I pregiudizi fisici non ci appartengono; e riteniamo che disprezzare qualcuno per il suo aspetto sia un atteggiamento vigliacco. Cerchiamo di non irridere nessuno per un difetto fisico, ma non vogliamo neppure che ci sia negato di criticare qualcuno a causa di quel difetto.
Ci pensavamo ieri quando abbiamo letto sul Corriere della sera l'articolo, molto lungo - absit iniuria - di Renato Brunetta dal titolo "Io e la violenza del body shaming" in cui il presidente del Cnel - non c'è nulla di più necessario di un ente inutile - racconta la propria esperienza personale in occasione della Giornata contro la denigrazione dell'aspetto fisico, il 16 maggio.
Beh.

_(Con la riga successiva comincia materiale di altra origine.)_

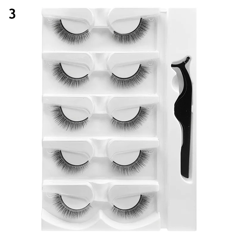 5 пар/кор. Самоклеющиеся Многоразовые Накладные ресницы с пинцет и клей-флуоресцентные ресницы натуральные вьющиеся ресницы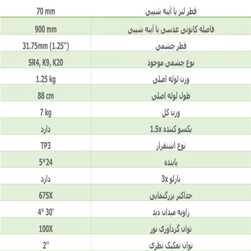 تلسکوپ کامار مدل CAMAR CRG 70900 دارای مشخصات فنی زیر است: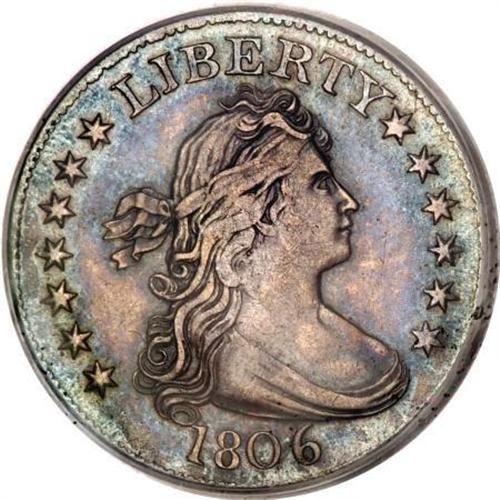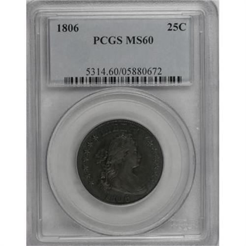 <B>1806 25C MS60 PCGS.</B></I> B-3, R.1. The defective right foot on the I of LIBERTY, along with a leaf point under the center of the I in AMERICA and the 5 in the denomination not touching the fletchings, confirms the die pairing. This is an early striking from Die State I, which Breen-Browning note has a "long spine from lowest leaf on right to tail of R; this fades out." The "spine" or die line here is quite bold, confirming the early die state. <BR> While this variety is considered one of the most common for the year, in Mint State it is rare, as Breen-Browning also notes. A search through our Permanent Auction Archives reveals that only three times before have we offered higher-graded examples. The strike is soft through the centers, as always, and the MS60 grade is a likely byproduct of the somewhat murky deep blue-green and purple toning, which is nonetheless attractive if not compelling.<BR><BR><B>Coin Engraver:</B> Robert Scot<BR><BR><b>Shipping:</b> Coins & Currency (<a target="_blank" href="http://www.heritageauctions.com/common/shipping.php">view shipping information</a>)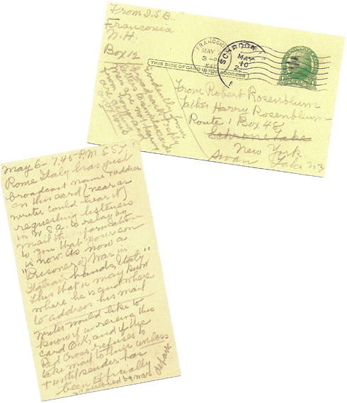 In May 1943, Sergeant Albert Rosenblum’s family received a host of these cards from shortwave listeners around the U.S. The writers reported they had heard Albert’s name and his home address broadcast from Rome.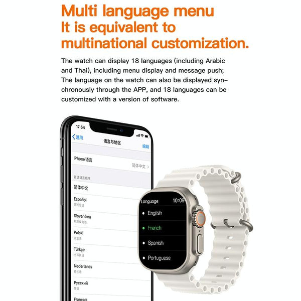 T800 Ultra 1.99 inch Ocean Silicone Band Smart Watch Support Heart Rate / ECG (Black)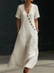 Casual Cozy Back Button Design Linen And Cotton Two-piece Set

Siamo con lui in tutto e per tutto. Colpire il corpo delle persone è vile. Ricevere il colpo, umiliante. Lo capiamo - caro professor Brunetta - persino noi che, se La consideriamo una persona piccola, lo facciamo indipendentemente dalla statura.
La Sua testimonianza è dolorosa e utile.
Speriamo serva a smorzare l'aggressività verso di Lei; e faccia dimenticare anche quando Lei aggredì i No Vax, cui andavano spinti i tamponi "fino al cervello", i poliziotti "panzoni", i lavoratori "imboscati", le élite delle "merde", Aldo Busi "una signora", i registi "parassiti" e i sindacalisti (omissis). Dai, va bene così Professore. Tutto perdonato. Anche il Corriere della sera che ha richiamato in prima pagina il suo sfogo, in alto a sinistra, subito sopra l'editoriale "Il summit dei giganti".